- Episode no.: Season 7 Episode 16
- Directed by: Paula Hunziker
- Written by: Maya Goldsmith
- Editing by: Robert Lattanzio
- Production code: 2M7216
- Original air date: May 30, 2017
- Running time: 42 minutes

Guest appearances
- Nicholas Gonzalez as Det. Marco Furey; Jim Titus as Officer Barry Maple; Klea Scott as Jillian Howe; Karis Campbell as commentarist; Brendan Robinson as Lucas Gottesman;

Episode chronology
| ← Previous "In the Eye Abides the Heart" | Next → "Driving Miss Crazy" |
- Pretty Little Liars (season 7)

= The Glove That Rocks the Cradle =

"The Glove That Rocks the Cradle" is the sixteenth episode of the seventh season of Pretty Little Liars, and the show's 156th episode overall, which premiered on the Freeform network in the United States on May 30, 2017. The installment was directed by Paula Hunziker and written by executive producer Maya Goldsmith.

== Plot ==
Spencer (Troian Bellisario) steals a hard drive on Lucas (Brendan Robinson) from Marco's (Nicholas Gonzalez) apartment about Lucas' alibi confession to the police the night Archer was killed. "A.D." sends Aria (Lucy Hale) to destroy Alison (Sasha Pieterse) and Emily's (Shay Mitchell) nursery, while wearing the black "A" hoodie.

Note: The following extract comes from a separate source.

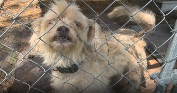 PETA rescued a severely matted dog from a depressing backyard pen, and she was so happy to get her first haircut! Winnie, a 15-pound poodle/lhasa apso mix, saw her tiny body become totally covered in mats after she was relegated to a cramped pen in a North Carolina backyard.

She almost gets caught by Emily and is forced to flee. In Hanna's (Ashley Benson) turn at the game, A.D. makes her pick up something at the computer repair shop and bring it to Rosewood High School. The Liars have a confrontation with Lucas where he explains to them that he didn't know Charles and Charlotte were the same person, or that Charlotte was “A.” They only stayed friends over email. A second comic book exists and this one depicts turning vengeance into a game. The girls find the nursery and Emily realizes that "A.D." must have a helper who was destroying the nursery while they were at the high school. Aria breaks down in remorse after her plot to destroy the nursery. Meanwhile, Caleb (Tyler Blackburn) and Hanna return to Lucas's loft with the hard drive Hanna picked up based on “A.D.”s instructions. The audio file contains a Patsy Cline song. Hanna remembers that “A” played a different Patsy song back in the Dollhouse. Alison finally admits her feelings to Emily and shares a kiss with her.

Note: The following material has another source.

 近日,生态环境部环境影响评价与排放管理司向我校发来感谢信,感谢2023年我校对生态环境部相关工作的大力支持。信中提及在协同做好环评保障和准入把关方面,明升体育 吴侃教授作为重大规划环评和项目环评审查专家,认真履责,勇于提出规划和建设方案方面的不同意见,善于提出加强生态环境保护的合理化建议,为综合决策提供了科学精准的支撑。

Meanwhile, "A.D." has the second comic book. They are shown sketching the ending of the comic book. They draw a gravestone and write “Here lies.."

== Production ==
The episode was directed by Paula Hunziker and written by Maya Goldsmith. The table-read occurred on August 22, 2016, while it was filmed between late August and early September 2016 in and around Los Angeles, California, mostly on the backlot of the Warner Bros. studio lot in Burbank.

The score is composed by Michael Suby, who works on the series since the premiere. The episode features the songs 'Who Saved Who by Mindy Smith and Matthew Perryman Jones, "You Belong to Me" by Patsy Cline, and Same Devil by Dave Matthews.

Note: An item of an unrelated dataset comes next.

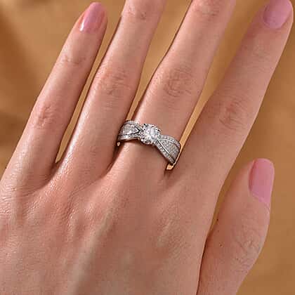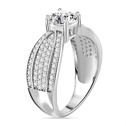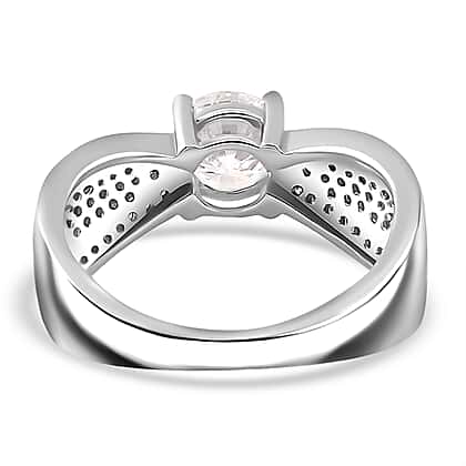 Designer Inspired - Moissanite Ring in Platinum Overlay Sterling Silver

This episode features recurring appearances from Nicholas Gonzalez as Detective Marco Furey, Brendan Robinson as Lucas Gottesman, and Karis Campbell as a commentator. Jim Titus and Klea Scott return for the series in a recurring capacity as Officer Barry Maple and Jillian Howe, respectively.

== Reception ==
=== Ratings ===
"The Glove That Rocks the Cradle" was first broadcast on May 30, 2017, in the United States on Freeform. The episode was watched by 0.90 million Americans and scored a 0.4 Nielsen rating/share in the adults among the 18–49 demographic, ranking in the position number 8; both values were a light increase from the previous episode.